Park Hill Golf Course Community Voice Report
The Community's Voice and Call for Action





History
History is a significant component of the surrounding community. The future of the golf course property should consider some of the darker systemic impacts Black residents have suffered. However, it should also celebrate the positive and highlight the area's diversity and culture. The map below briefly summarizes three significant geographic points of Park Hill's history, including the golf course.
About DMCI
What Is Community Impact?
Denver Metro Community Impact
Mission
We advance equity and generational success by elevating the voices of the systemically oppressed through the facilitation of organizational collective action, led and constructed by the community.
Vision
Equitable Denver Communities Where Children are Thriving, Not Just Surviving.
Denver Metro Community Impact (DMCI) is being built in real-time by and for the community. DMCI serves as the facilitator and connector for a growing network of partners to meet the needs of families in Denver. The network is bound together by passionate work on the Social Determinants of Health, recognizing that systemic change will come from efforts in improving life in our homes, schools, workplaces, neighborhood, and communities. The success of the DMCI Network is dependent upon organizations and individuals working together differently.
What we do
As a convener and facilitator of community and an organizational network, Denver Metro Community Impact (DMCI) represents a medium to understand neighborhood interests, the world of philanthropy, government, and any other entity seeking to work for and with the community. We hold an impactful position in mobilizing the funding of philanthropy directly to the community's needs by fortifying the voice with data while making a case for investment in systemic change. To that end, DMCI is a professional code-switching organization.
DMCI puts community voice first. Our Community Impact Workflow has been developed from the best practices of the Collective Impact Framework but also the best practices of community organizing.

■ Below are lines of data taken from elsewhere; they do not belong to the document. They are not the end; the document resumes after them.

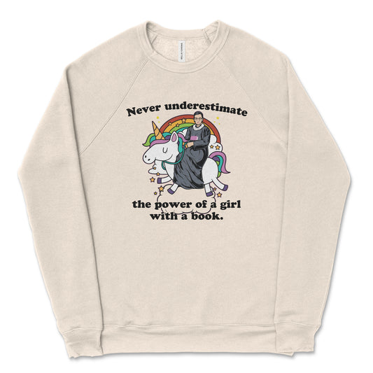 Never Underestimate a Girl With a Book RGB Unicorn Sweatshirt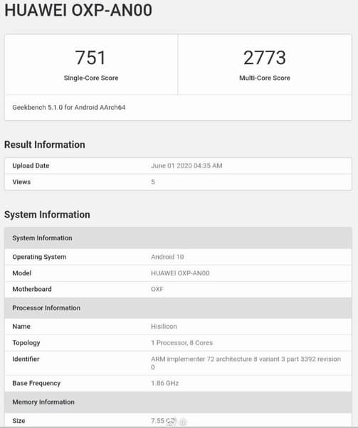 Также Honor Play4 Pro засветился в бенчмарке Geekbench, правда, не под своим торговым обозначением, а под каталожным номером OXP-AN00 (модель с этим же номером ранее засветилась в базах TENAA, 3C и Wi-Fi Alliance). Как видно, аппарат работает под управлением Android 10 и имеет 8 ГБ оперативной памяти. Однокристальная система, судя по результатам производительности и характеристикам – Kirin 990, дополненная фирменным модемом 5G.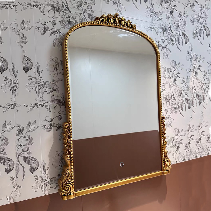 フレンチレトロバスルームミラーヨーロピアンスタイル彫刻バスルームミラートイレバスルームミラー壁掛け玄関暖炉装飾ミラー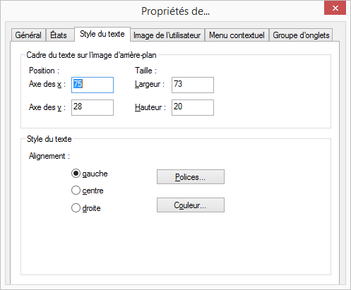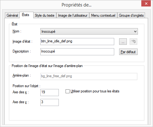 5 Sous « Position de l'image d'état sur la zone », entrez dans les champs « Axe x » et « Axe y » les coordonnées de l'image ou de l'animation AVI réprésentée à l'intérieur de la touche. L'origine des coordonnées se trouve dans le coin supérieur gauche de l'image d'arrière-plan de la touche.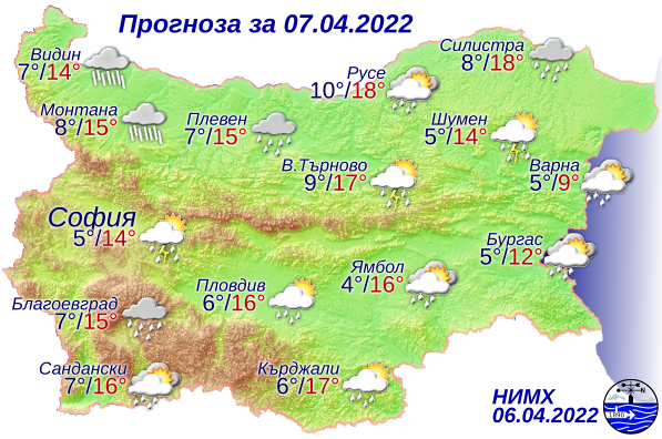 Започналото от запад увеличение на облачността през деня ще обхване цялата страна и на много места ще има краткотрайни валежи от дъжд, около и след обяд на места с гръмотевици. Ще духа слаб до умерен вятър, в Източна България от югоизток, в западната половина от страната отначало от югозапад, след обяд от северозапад. Максималните температури ще бъдат между 13 и 18 градуса, по-ниски по Черноморието, в София - около 14.
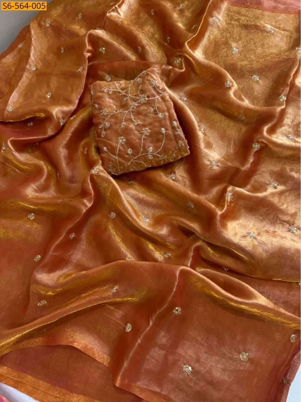 Orange Fendy Satin Saree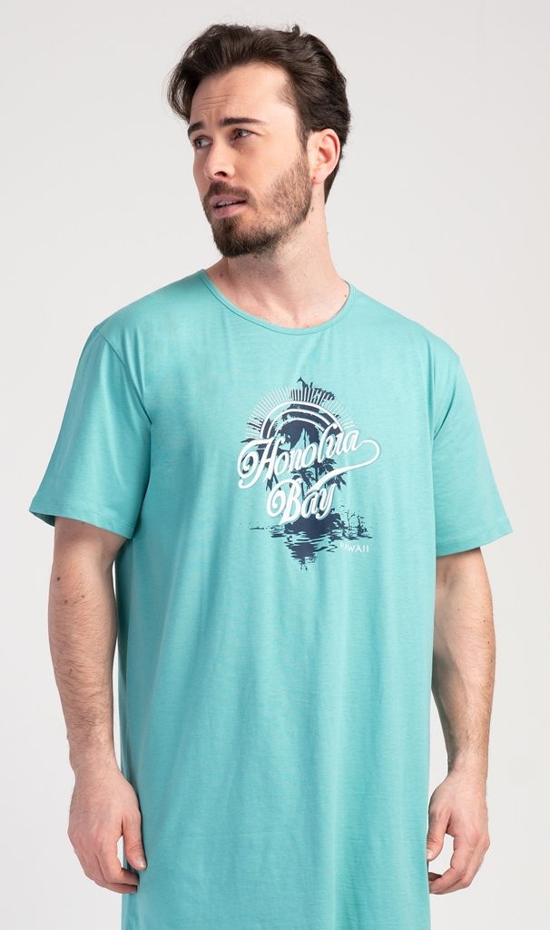 Pánská bavlněná noční košile s krátkým rukávem Honolua bay. Jednobarevná pánská noční košile s kulatým výstřihem je zdobena obrázkem ostrova a nápisem 'Honolua bay'. Tato košile je vhodným dárkem pro všechny milovníky moře a exotiky. Použitý materiál je příjemný a poddajný na dotek. Obsah bavlny je 100%.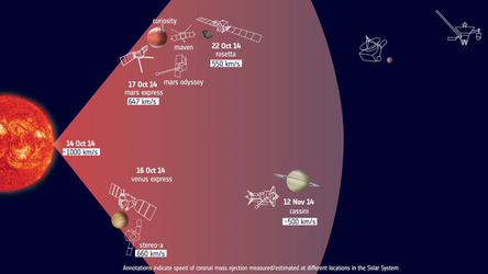 Three Sun-watching satellites in Earth’s vicinity – ESA’s Proba-2, the ESA/NASA SOHO satellite and NASA’s SDO – captured images of the event, while the other spacecraft indicated were in the firing line and made in situ observations of, for example, an enhancement of the magnetic field strength, increases in the solar wind speed, and decreases in the influx of the galactic cosmic rays. NASA’s Stereo-A also captured images from its viewing position, while other data were recorded by ESA’s Venus Express, Mars Express and Rosetta, NASA’s Mars Odyssey and Maven orbiters and its Curiosity rover, and the NASA/ESA/ASI Cassini spacecraft. Although inconclusive, hints of the CME were also seen at NASA’s New Horizons and Voyager-2 three months and about 17 months later, respectively.

Starting with the community voice in mind, we seek leaders who have a knack for building relationships, listening to stories, and advocating for their neighbors. We discover shared interests, issues impacting equity, and the desire for action and change through these leaders. After identifying this, we start the Collective Impact work by fortifying the community's voice with data, continuing communication with the leaders, and inviting appropriate organizational partners to brainstorm collaborative action while seeking continuous community feedback along the way. As a result, advocacy, solutions, and change are delivered to the community, by the community and our partners.
Project Information
Community Navigator Program
Community Talks
The community is the primary partner and director of this work and the resulting reports. To provide the best platform for elevating the community's voice, DMCI hired eight leaders from within the community. Each Community Navigator is connected to the community in various ways and recognized as leaders within their circles. They organized Community Talks throughout the communities directly adjacent to the former golf club regarding the Park Hill Golf Course Area Visioning Process and Small Area Plan. We structured the Talks to increase equity by providing intentionally smaller and more comfortable settings for residents and community members to participate and be heard. During the city's Visioning Process, the Talks served as a source to glean input and amplify the voices of those in the community that are not typically heard.
1-on-1 Conversations
To provide even more equitable platforms for galvanizing, Community Navigators led 1-on-1 Conversations throughout the community. This engagement method gives community members a chance to voice their opinions, experiences, and desires for the visioning process, regardless of potential aversions to group meeting dynamics or availability to attend.
Data Processing & Administration
To support the work of the Community Navigators, Denver Metro Community Impact (DMCI) handled the data input synthesis, analysis, and reporting. DMCI also served as an administrative and community engagement strategy consultant for the visioning process.
Overarching Goals of Visioning Process
Promote participation from underrepresented and marginalized neighbors of the former Park Hill Golf Club, including but not limited to African-Americans, Latinx, seniors, youth, and renters.
Data Methodology
Thematic analysis looks at patterns of meaning in a data set – for example, a set of interviews or focus group transcripts. In the case of this project, the sources of the data sets are the Community Talks and the 1-on-1 Conversations that the Community Navigators conducted. A thematic analysis takes bodies of data and groups them according to similarities/themes. The themes help us make sense of the community's experiences, desires, concerns, rejections, and sentiments regarding the Visioning Process.
Step 1: Audio Transcription/ Note Taking
In this step, DMCI gets familiar with the data, reading through notes provided by Community Navigators and analyzing and transcribing meeting recordings.
Step 2: Coding
After collecting the notes and transcripts, we begin to "Code" the data, which involves highlighting and relating phrases and sentences with shorthand labels that group similarities.
Step 3: Generating, Reviewing & Naming Themes
After coding, themes emerge from the data in the form of specific topics quoted multiple times. These themes are then reviewed across our team and named to identify the shared perspectives of community members.